Progressively Increasing Teres Minor Calcific Tendinopathy in an Elderly Male

Department of Radiology, Mata Chanan Devi Hospital, Janak Puri, New Delhi, India
Department of Diagnostic Imaging, National University Health System, Singapore
Corresponding author: Abhinav Aggarwal, Department of Radiology, Mata Chanan Devi Hospital, Janak Puri, New Delhi - 110 058, India.
This is an open-access article distributed under the terms of the Creative Commons Attribution-Non Commercial-Share Alike 4.0 License, which allows others to remix, tweak, and build upon the work non-commercially, as long as the author is credited and the new creations are licensed under the identical terms.

How to cite this article: Aggarwal A, Singbal SB. Progressively Increasing Teres Minor Calcific Tendinopathy in an Elderly Male.
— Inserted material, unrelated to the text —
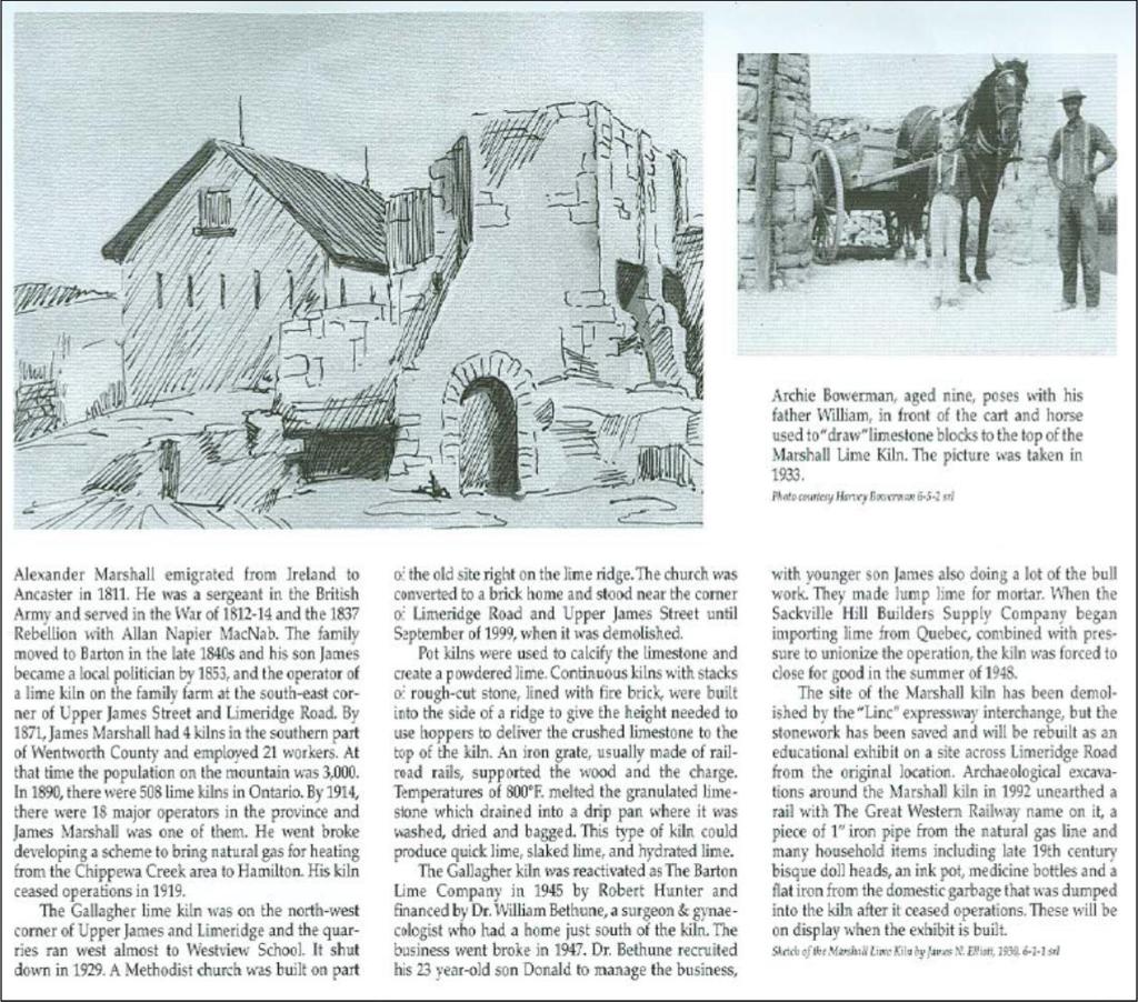 So at last week’s family gathering, we collectively as a family children, grandchildren made a journey to that exact spot (now a just walk-way as there is no trace of this building anymore). Even the landscape packed with an earthen noise-barrier shows no sign of what was there in earlier days, although in recorded history there is mentioned about the barn and the adjacent lime kiln with the Bethune family dwelling. See the book: Mountain memories: A pictorial history of the Hamilton Mountain published January 2000 by the Hamilton Mountain Heritage Society.

Indian J Musculoskelet Radiol 2021;3(1):54-6.


Calcific tendinopathy is a common pathology involving a variety of tendons across many joints. It is most commonly seen involving tendons of the rotator cuff with supraspinatus being the favorite. It can mimic aggressive pathologies such as neoplasms resulting in unnecessary interventions. Rarely, it involves teres minor tendon. We report a case of teres minor calcific tendinopathy detected over serial radiographs and diagnosed using magnetic resonance imaging.


Calcific tendinopathy
Magnetic resonance imaging
Teres minor


Calcific tendinopathy is a common pathology involving a variety of tendons across many joints. There is minor female predilection. It is most commonly seen involving tendons of rotator cuff. Teres minor is the rarest tendon involved. Etiologically it has been hypothesized that hypoxia induces fibrocartilagenous metaplasia of the critical zone. It can mimic aggressive pathologies like neoplasms resulting in unnecessary interventions.
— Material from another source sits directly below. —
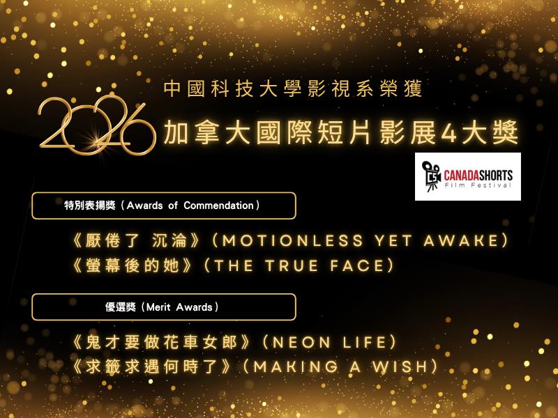 2026年自加拿大傳來捷報,年度國際級影展盛事之加拿大國際短片影展(Canada Shorts - International Short Film Festival)中,中國科技大學影視設計系師生展現豐沛創作能量,共有4部作品在激烈的國際競爭中脫穎而出,分別榮獲「特別表揚獎(Awards of Commendation)」與「優選獎(Merit Awards)」,再度向國際展現台灣影視教育的實力與獨特的敘事觀點。 加拿大國際短片影展(Canada Shorts)是以加拿大與國際電影人為核心的知名競賽平台,旨在發掘與表彰全球優秀的短片創作。該影展評選標準嚴謹,不僅重視影像技術的純熟度,更看重創作者在有限篇幅內傳達故事張力與情感深度的能力。中國科大影視系學生能一舉囊括四項大獎實屬難能可貴,完全展現學生從自我對話到文化反思多元題材的創作深度。 榮獲特別表揚獎(Awards of Commendation)的兩部作品,展現了創作者對人性與社會現象的細膩觀察。由新竹校區艾畢爾同學所導演之作品《厭倦了 沉淪》(Motionless Yet Awake),透過獨特的影像美學,探討在停滯與覺醒之間的心理狀態,不僅片名富含哲理,其視覺語言更獲得評審高度讚賞。另一部由洪聖勤執導的《螢幕後的她》(The true face),則將鏡頭對準台灣av產業,揭開螢幕形象與真實自我之間的落差,敘事手法流暢且發人深省。 榮獲「優選獎(Merit Awards)」的兩部作品同樣表現不俗,《鬼才要做花車女郎》(Neon Life),將台灣特有的文化符號與現代生活情境結合,以強烈的色彩風格呈現出獨特的生命力與角色掙扎;而由王昭旺系主任擔任指導老師的畢製作品《求籤求遇何時了》(Making a wish),則講述原事業有成的上班族遭陷害資遣後,意外在神祕廟宇開啟平行世界的經歷。將傳統信仰的「求籤」儀式作為敘事核心,在祈願與等待之間,細膩刻畫出人物對於未來的迷惘與期盼,展現了濃厚的在地文化底蘊。 影視設計系近年來積極推動「以賽代訓」的教學策略,鼓勵師生將課堂所學轉化為實際創作,並勇於挑戰國際舞台。王昭旺系主任表示,透過參與國際影展,學生不僅能與全球創作者進行作品對話,更能提升宏觀的國際視野。 此次在加拿大國際短片影展的優異表現,再次印證了中國科技大學影視設計系在劇本創作、導演實務、美學設計及後製技術上的扎實訓練。未來,該系將持續挹注資源,支持更多師生作品進軍國際,讓台灣的故事與創意在世界各地的銀幕上綻放光芒。落實影視專業與國際接軌,培育新世代影視人才的教育目標。

An otherwise healthy retired 70-year-old male presented with pain in the left shoulder with a limited range of movements. The patient was advised radiograph of the left shoulder joint. It revealed a faint calcification posterior to the shoulder joint in the region of infraspinatus/teres minor [Figure 1a]. Since the patient was not relieved after 1 month of conservative treatment, also in accordance with the findings of serial radiographs [Figure 1b, which showed increase in density of calcification], the patient was advised a magnetic resonance imaging (MRI) scan of the left shoulder. MRI revealed extensive mineralization of teres minor tendon and musculotendinous junction suggestive of calcific tendinopathy [Figures 2a and b]. The patient also had full-thickness tears of supraspinatus and infraspinatus tendons along with severe tendinosis of subscapularis tendon.

Figures 1: (a and b): Serial radiographs of left shoulder taken over a period of one-month show increased calcific opacity (red arrows) in rotator cuff region in posterior aspect of shoulder joint. The position of opacity suggests involvement of either infraspinatus or teres minor tendons, both of which are uncommon/rare.
Figures 2: (a and b): Axial Medic images show hypointense signal in teres minor tendon and musculotendinous junction suggestive of mineralization (red arrows). Findings are consistent with diagnosis of calcific tendinopathy of teres minor.


Calcific tendinopathy has been described in the literature, but the involvement of teres minor is one of the rarest.[1] There is slight female predilection with fourth and fifth being the most common decades of life.[2] Shoulder and hip are the most commonly affected joints with supraspinatus, infraspinatus, pectoralis major, and gluteus maximum tendons being commonly involved.[3,4] Etiologically, it has been hypothesized that hypoxia induces fibrocartilaginous metaplasia of the critical zone, tissue necrosis, and trauma that can all contribute to the formation of intra-tendinous calcification, which is generally due to deposition of hydroxyapatite crystals.[2,5]

Two commonly accepted pathogenesis are the ones described by Moseley[6] and Uhtoff and Loehr.[6,7] Uhtoff and Loehr described the process of calcific tendinopathy into three phases, namely, precalcific, calcific, and postcalcific. The tenocytes undergo fibrous metaplasia and avascular necrosis during precalcific phase. The calcific phase further consists of three stages: Formative, resting, and resorptive. Calcium deposition takes place informative and resting stages, whereas in resorptive stage, spontaneous resorption of calcium takes place, which may result in the acute inflammatory response. During the post-calcific phase remodeling of the tendon by fibroblasts takes to place.[7] Moseley described the pathogenesis having two stages, initial silent phase and later hyperemic dissolution phase. Calcium deposition takes place during the initial phase, whereas calcium disseminates through the bursal lining leading to an acute inflammatory response.[6] Various risk factors associated are thyroid and estrogen metabolism disorders and lifestyle factors such as alcohol consumption and obesity.[8]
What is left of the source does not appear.